What does mean in fact to diagonalize a bilinear form?

Question

I am studying some linear algebra and I've learned one algorithm to transform a bilinear symmetric form in a diagonal matrix, i.e., it is a sum of squares. But to do this, I am using a kind of Gramm-Schimdt process, I mean:

Take $\{e_1,\ldots,e_n\}$ basis for $V$ a vector field, and consider $f : V\times V \to V$ a symmetric bilinear form. How to find a basis in a such way that $f$ is a sum of squares?

What I've learned is:

Take $e_1$, then make:

$v_1 = e_1.$

Do then

$$v_2 = e_2 - \frac{f(v_1,e_2)}{f(v_1,v_1)}v_1,$$

$$v_3 = e_3 - \frac{f(v_1,e_3)}{f(v_1,v_1)}v_1 - \frac{f(v_2,e_3)}{f(v_2,v_2)}v_2$$

proceed as the same way. Then we get the searched basis.
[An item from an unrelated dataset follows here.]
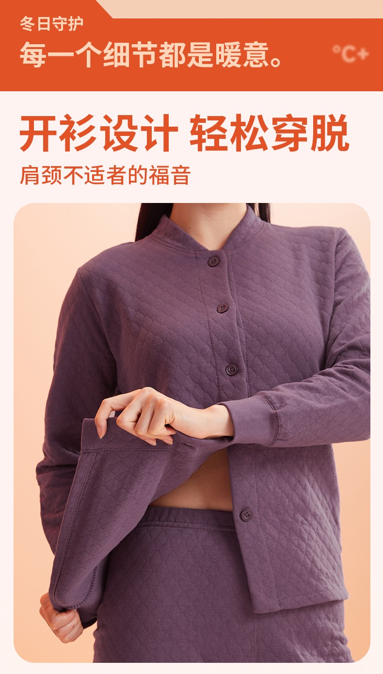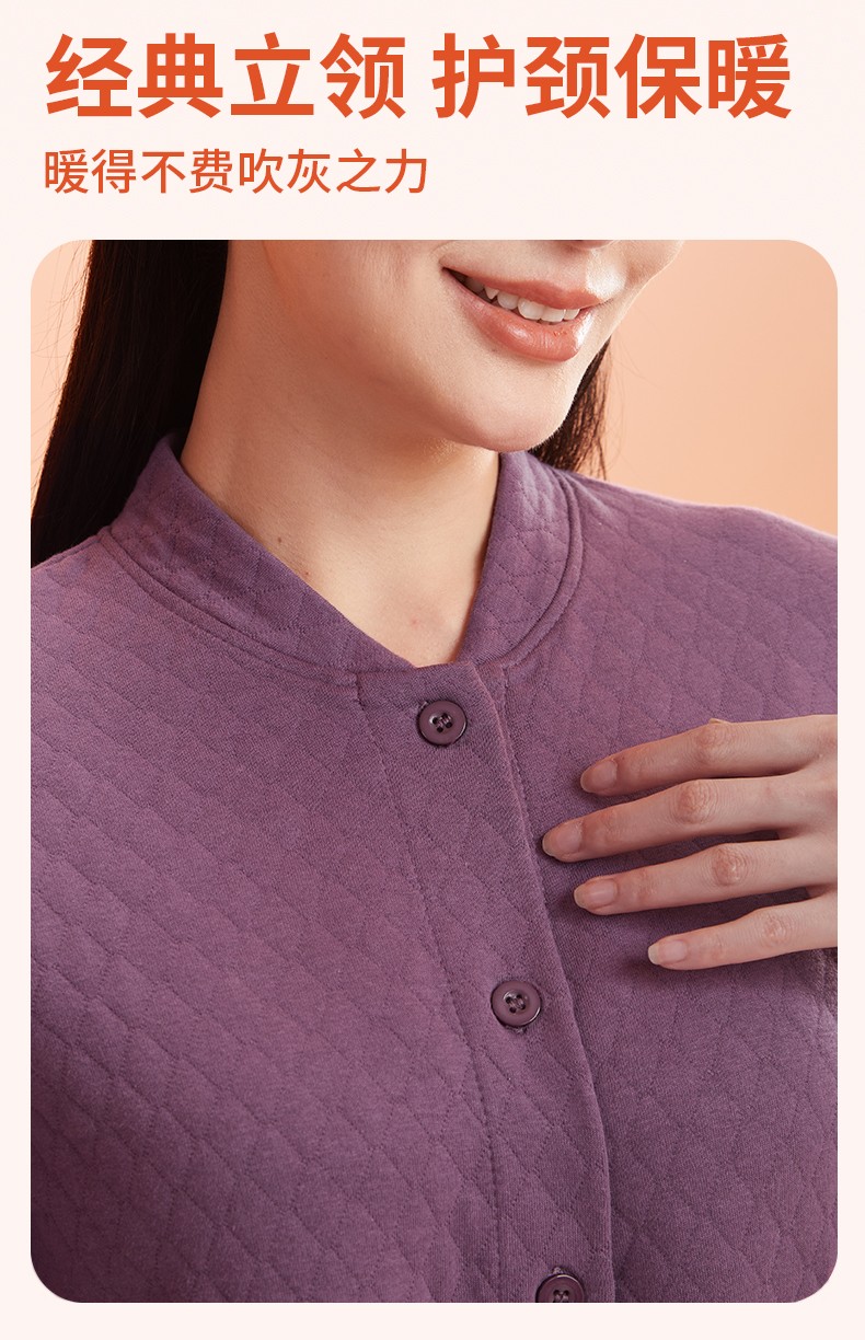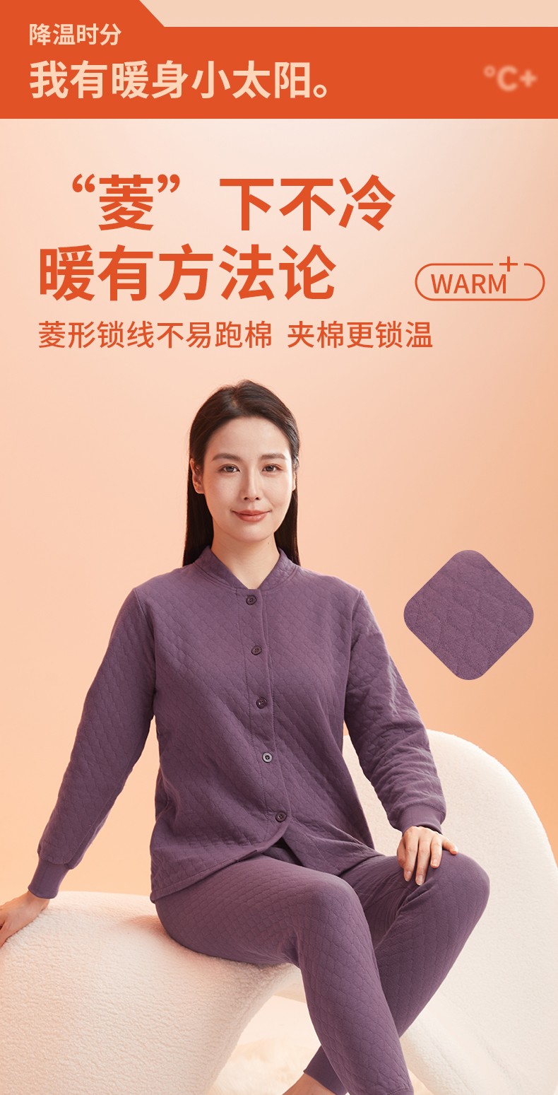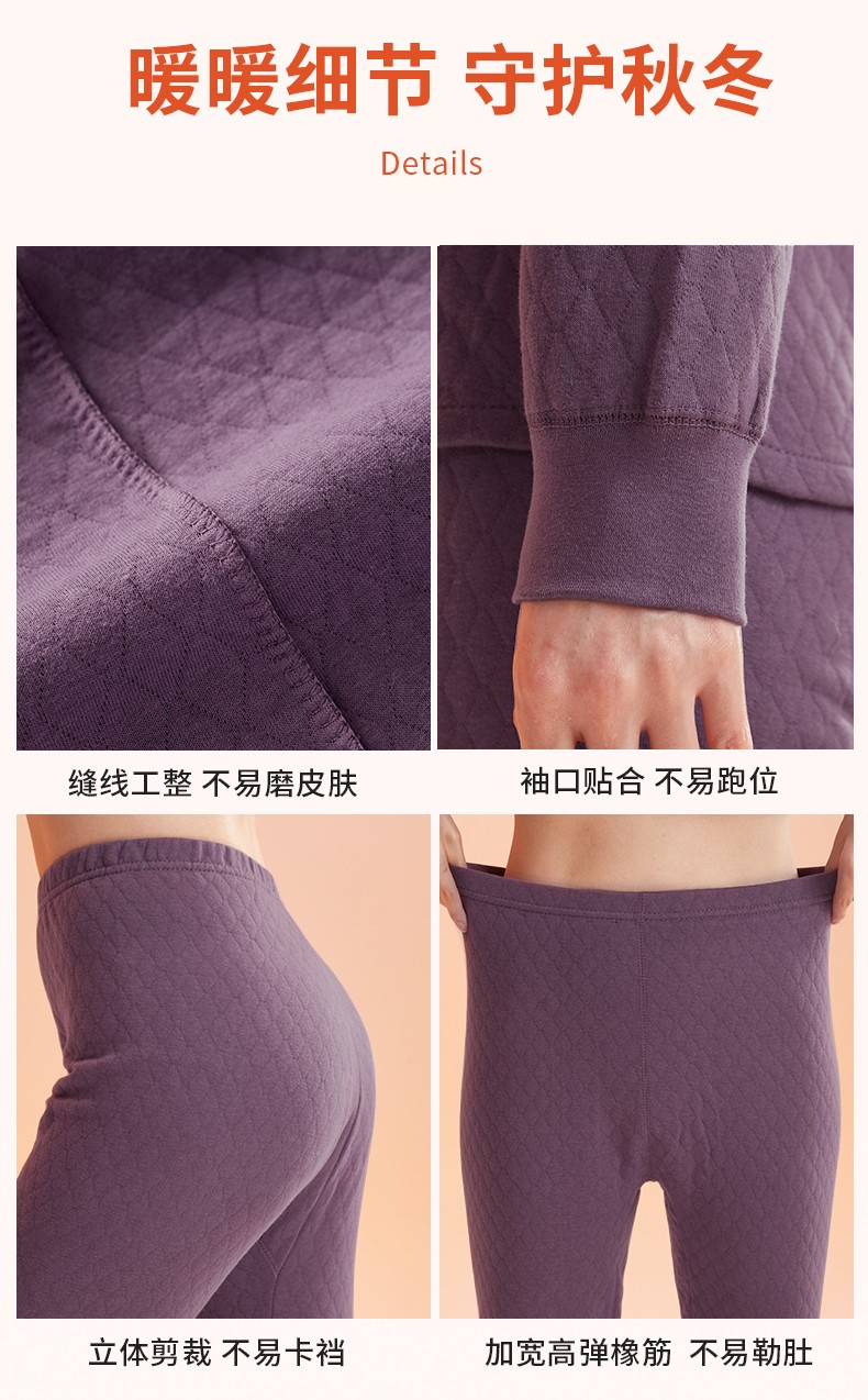 商品名称:(世星阳光)+恒源祥 10A抗菌空气棉内衣套装 HYX1108 规格 165 170 175 180 185 190 女款颜色 香芋紫 下单备注尺码 抗菌保暖 菱形锁线不易跑棉 夹棉更锁温

But my question is, how to do this procedure using only the matrix of $f$? Is this equivalent to find a basis formed by eingenvectors?

Answer 1

Leonardo,

As Will Jagy's comment points out, possibly one subtle point in your question is 'the matrix of $f$': given a square matrix $A$ on $\mathbb R^n$ (let us keep real for simplicity), you get a bilinear form $$f_A(x,y)=\langle Ax,y\rangle,$$ where $\langle,\rangle$ is the standard Euclidean product on $\mathbb R^n$. On the other hand, given a symmetric bilinear form $f:\mathbb R^n\times\mathbb R^n\to \mathbb R$, one get a unique (symmetric) matrix $A=\{a_{ij}\}$ by setting $$a_{ij}=f (e_i,e_j)$$ ($\{e_i\}$ the standard basis in $\mathbb R^n$.) In this case it is easy to see that $f=f_A$. In particular, if $\{v_i\}$ is a set of ortonormal eigenvectors of $A$, $Av_i=\lambda_i v_i$, $$f(v_i,v_j)=\langle Av_i,v_j\rangle=\lambda_i\langle v_i,v_j\rangle=\lambda_i\delta_{ij}.$$

When you proceed as Gram-Schmidt, you are actually considering $f$ as a (possibly non-definite degenerate) inner product.

Does it answer your question? I can't understand what do you mean by a sum of squares.